Using the SeqsLab Run Sheet with the CLI

The objective of this tutorial is to demonstrate how you can use SeqsLab Run Sheet and the SeqsLab CLI to automate your sequencing data processing flows. The Run Sheet contains all the mapping and configuration information about the data, workflows, and pipeline execution.

The SeqsLab CLI can take the Run Sheet as a parameter, which simplifies the entire sequencing data processing process, from taking the sequencer output to retrieving the analysis results into just a few SeqsLab CLI commands. You can also eventually transform this flow into a fully automated process.

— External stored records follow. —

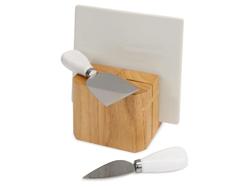 Набор для сыра Cheese Break предназначен для нарезки и подачи разных сортов сыра и любых других закусок. Ножи имеют белые керамические рукоятки, а доска полностью выполнена из керамики. Предметы устанавливаются в удобную деревянную подставку, в которой их можно хранить после использования.
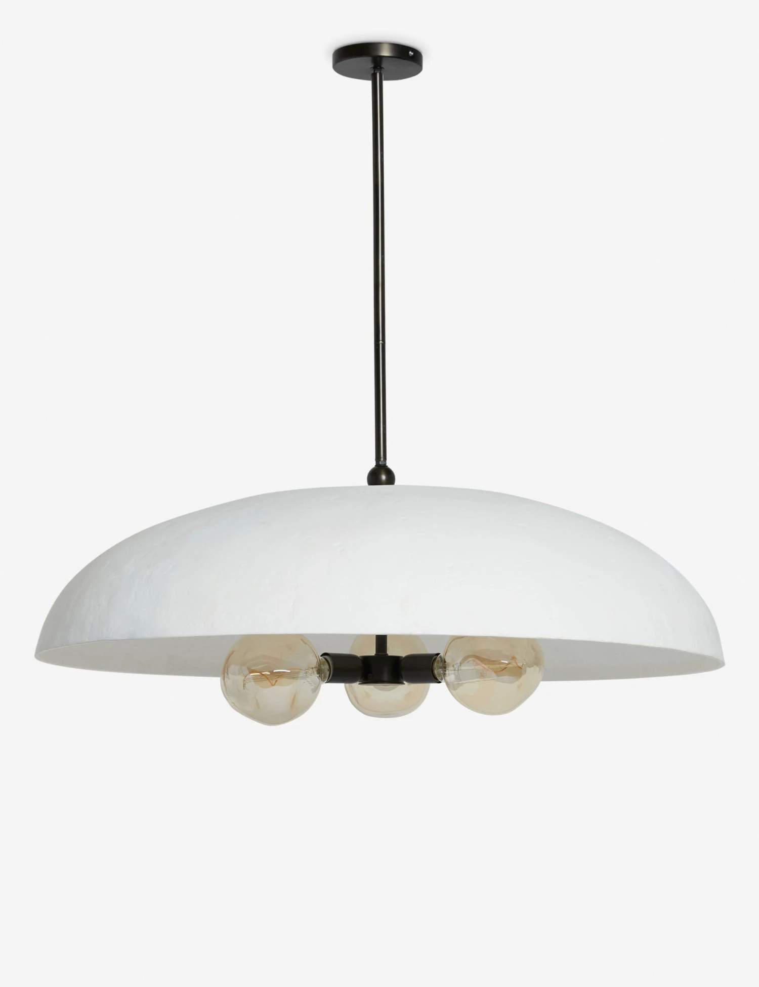 Find your lighting balance with the Brolly pendant—thoughtfully grounded yet thoroughly refined. The crisp line of the matte white shade sits over three bulbs reflecting a bright ambiance throughout the room. This pendant light is from our exclusive Sarah Sherman Samuel collaboration and features all the trademarks of her warm, edited style.
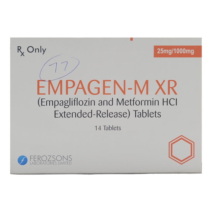 Empagen M Xr 25 1000mg is a medication used to treat type 2 diabetes. It combines two active ingredients, Empagliflozin and Metformin Hcl, to help control blood sugar levels in the body.
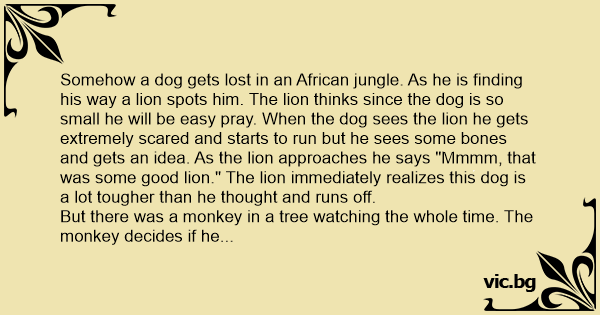 Somehow a dog gets lost in an African jungle. As he is finding his way a lion spots him. The lion thinks since the dog is so small he will be easy pray. When the dog sees the lion he gets extremely scared and starts to run but he sees some bones and gets an idea. As the lion approaches he says "Mmmm, that was some good lion." The lion immediately realizes this dog is a lot tougher than he thought and runs off.
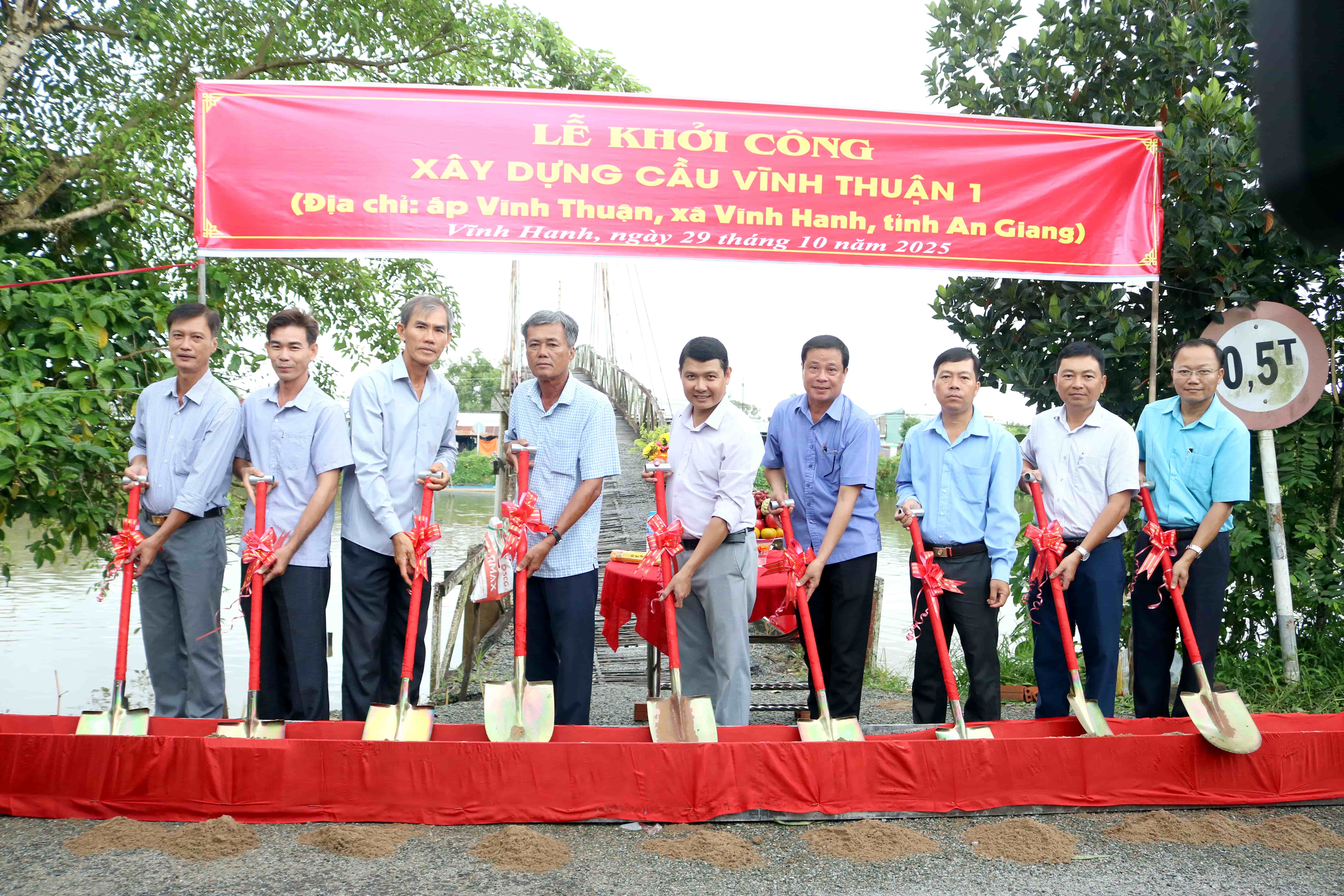 Ngày 29-10-2025, Đảng ủy, UBND xã Vĩnh Hanh tổ chức Lễ khởi công xây dựng cầu Vĩnh Thuận 1, thuộc ấp Vĩnh Thuận. Đồng chí Hồ Trường Huấn – Bí thư Đảng ủy, Chủ tịch HĐND xã Vĩnh Hanh; Đồng chí Đoàn Đức Dịnh – Phó Bí thư Đảng ủy, Chủ tịch UBND xã Vĩnh Hanh; Cùng các đồng chí trong Ban Thường vụ Đảng ủy; Ban ngành, Đoàn thể và Nhân dân tham dự.
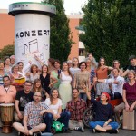 Unser diesjähriges Highlight war das Sommerkonzert, das wir in der Lukaskirche zum Besten gaben. Es stand unter dem Motto „Rythm of Life“ und wir präsentierten in fast 1 ½ Stunden grundverschiedene Stücke aus verschiedenen Epochen. Neben reinem A-capella-Gesang und instrumental begleiteten Kompositionen in konventioneller Chor-Aufstellung beinhaltete das Programm  auch einige szenisch unterstützte Stücke mit ungewöhnlichen Choreografien sowie Präsentationen von kleineren Abteilungen des Chores. Erwähnt werden sollen unsere Ausschmückungen zu den Stücken „Tourdion“, „Drunken Sailor“, dem „Cup-Song“ und „Mein Fahrrad“. Das Publikum war begeistert und am Ende gab es tosenden Applaus.
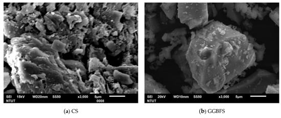 SEM analysis is to examine and compare the degree of geopolymerization of the specimens prepared with different alkali solutions by identifying the fissures, geopolymer matrix and dense/loose structure on the specimen surface. The solidifying of CS in the geopolymer gel can also be visualized through SEM morphologies. The fragment obtained from the compressive strength tests were used for this analysis because it can reveal the inner structure of geopolymer but the surface of cylindrical specimen [,]. The sample size is about 5 mm. It was dried in the oven and then Au sputter coating for conductivity. The magnitude is at 1000 time. The accelerating voltage is set at 15 KV.
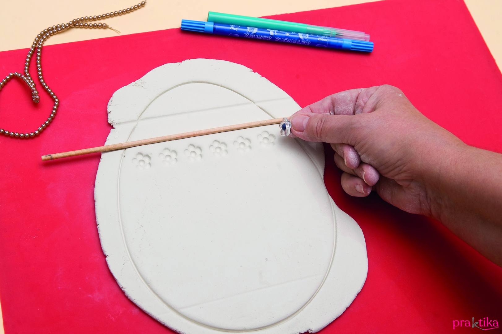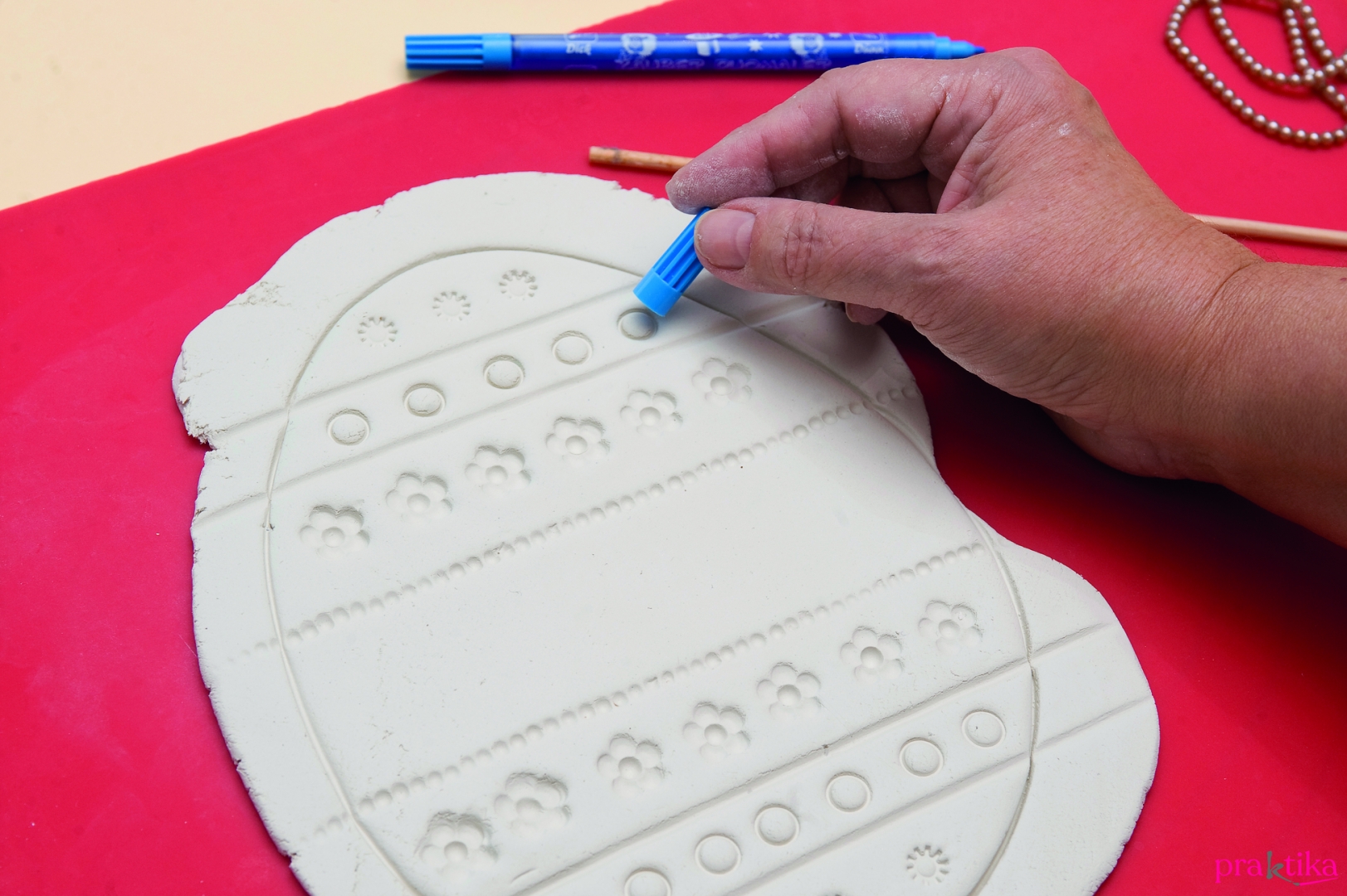 - A sablonívről másold ki indigó segítségével papírra a tojásmintát, és vágd ki pontosan a körvonalon. Nyújtsd ki a gyurmát 4-5 mm vastagra, fektesd rá a tojásmintát, és késsel karcold körbe.
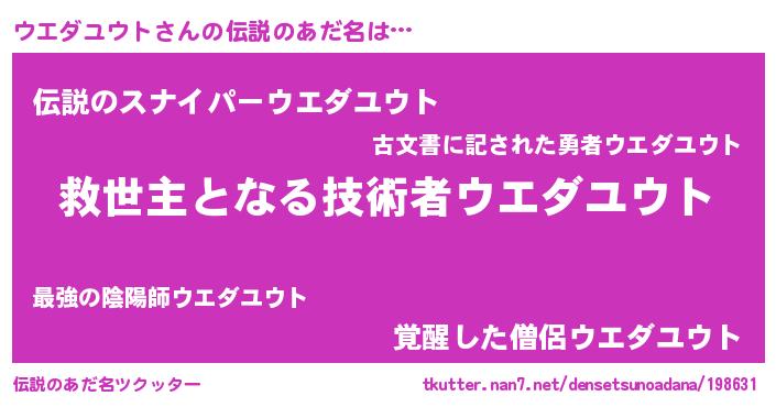 | 肩書あだ名 | 『ウエダユウト中佐』『ウエダユウト閣下』 |
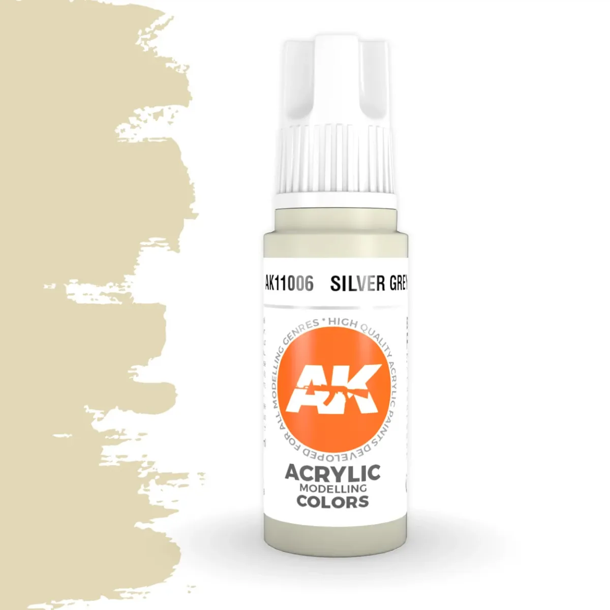 AK interactive Acrylic Modelling Colors Silver Grey maakt deel uit van het 3rd Generation programma van het merk AK interactive, speciaal ontwikkeld voor het penseel en de airbrush en is een zilvergrijze acrylverf in een 17ml. eyedropper potje met gepatenteerde dop.

1. Uploading and registering sample files

As previously explained, you can use the SeqsLab CLI to upload either individual files or entire directories to the Data Hub using the datahub upload command. Alternatively, you can use the SeqsLab Run Sheet to upload sample FASTQ files by preparing the Run Sheet file and then running the datahub upload-runsheet command. Doing so outputs the upload_response.json in stdout. The CLI uses the return code 0 to indicate that all files in the src path were uploaded successfully. Whenever a non-zero return code appears, it means that some of the files failed to upload due to a network issue. When this happens, just run the command again to complete the upload process.

SeqaLab platforms in the cloud with an Azure backend use the Azure Block List API (external link) whenever you run the SeqsLab CLI datahub upload command. This enables files to be programmatically broken up into blocks, uploaded in parallel, and re-assembled in the cloud storage as a block blob (external link). As such, even if the datahub upload command is executed multiple times, all successfully uploaded blocks are kept in the Azure cloud storage as cache and only the failed blocks will be re-transmitted, resulting to a highly efficient and fault-resilient data transmission.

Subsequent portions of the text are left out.